Question

It is well-known that the volume of the unit ball in n-space is $\pi^{n/2}\!/\Gamma(n/2+1)$. Do you know of a proof which explains this formula? Any proof which does not treat the cases n even and n odd separately (like using an explicit expression for $\Gamma(n/2+1)$ in terms of factorials) should be fine.

Answer 1

It is easier to take the derivative, and consider the volume of the n-1-sphere (i.e., the "surface area" of the boundary of the ball).

Start with the integral $\int_{\mathbb{R}^n} e^{-x_1^2 - ... - x_n^2} dx_1 \dots dx_n$. Fubini's theorem lets you decompose this into a product of 1-dimensional integrals, and you get $\pi^{n/2}$. Since the integrand is spherically symmetric, you can change to the integral $\int_0^\infty vol(S^{n-1}(r)) e^{-r^2} dr$, where $S^{n-1}(r)$ is the unit n-1-sphere of radius r.
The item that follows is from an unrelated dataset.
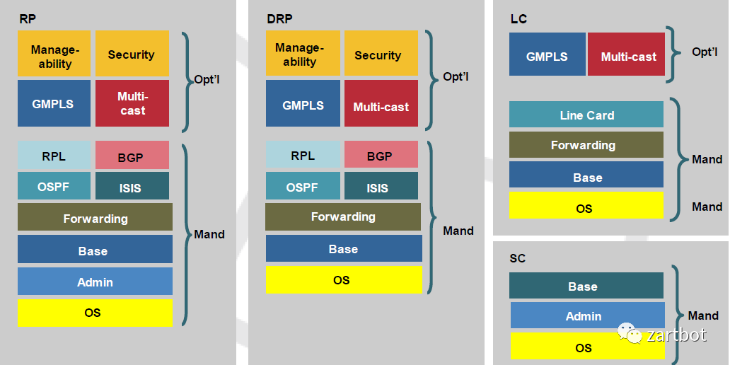 SDN的概念不得不提起Nick Mckeown,而大多数人并不知道这个概念的演进过程。最早Mckeown在1995年的论文《Fast Swtiched Backplane for a Gigabit Switched Router》设计了基于crossbar的交换矩阵,也就是Cisco GSR12000系列路由器的原型,后期Mckeown教授又提出了《Optics inside routers》即使用LB-BvN架构和MEMS构建一个分布式架构,大量的线卡和一个全光交换机的矩阵互联,但是当年商业化的产品由于MEMS不成熟,切换时间过长等限制,逐渐出现了基于Benes或者CLOS架构的多机框分布式集群,也就是思科的CRS-1和Juniper的TX-Matrix。但是在Cisco这些平台上也出现了一种叫PAL平台抽像层的结构和所谓的forwarding manager的软件架构, 这些便是SDN的雏形,软件上通过PAL层将分布式的线卡和控制面建立连接。OpenFlow也便是基于这种考量诞生的。例如当年IOS XR对外宣布的软件架构,大家可以看到有一个清晰的统一的Forwarding层的存在。

The volume of this sphere is $r^{n-1}$ times the volume of the unit sphere, so solving for that, you get $\frac{\pi^{n/2}}{\int_0^\infty r^{n-1} e^{-r^2} dr}$. A change of coordinates (u = r²) in the denominator yields the integral defining $\Gamma(n/2)$.

Answer 2

I like to write it as $\omega_n = \frac{\pi^\frac{n}{2}}{\frac{n}{2}!}$ (I've seen $\omega_n$ used both for the measure of the unit ball and for that of its boundary, but eh, I had to attach some name to it for below). I guess using the factorial notation for non-integers isn't too popular, though.

Alternatively, induction. It's true for $n=1$ (since $\Gamma(\frac{3}{2})=\frac{\sqrt{\pi}}{2}$) and $n=2$.

So then:

$\omega_{n+2} = \int_{x_1^2 + \dots + x_{n+2}^2 \leq 1}dx = \int_{x_{n+1}^2+x_{n+2}^2 \leq 1}\int_{x_1^2 + \dots + x_n^2 \leq 1 - (x_{n+1}^2+x_{n+2}^2)}d(x_1,\dots,x_n)d(x_1,x_2).$

Polar coordinates in the plane give us

$\omega_{n+2} = \int_0^{2\pi}\int_0^1\sqrt{1-r^2}^n\omega_n r dr d\phi = 2\pi\omega_n \int_0^1(1-r^2)^{\frac{n}{2}}rdr = \pi\omega_n \int_0^1(1-r^2)^{\frac{n}{2}}2rdr.$

Substitute $s=1-r^2$ and get

$\omega_{n+2} = \pi\omega_n\int_0^1s^\frac{n}{2}ds = \omega_n \frac{2\pi}{n+2} = \frac{\pi^\frac{n}{2}}{\frac{n}{2}!}\frac{2\pi}{n+2} = \frac{\pi^\frac{n+2}{2}}{\frac{n+2}{2}!}.$

Answer 3

@Scott: thank you, this is precisely what I was looking for.

@Jakob: this is what I meant by treating n even and n odd separately. Here, the gamma function just happens to be some function having the right recurrence relation and start values.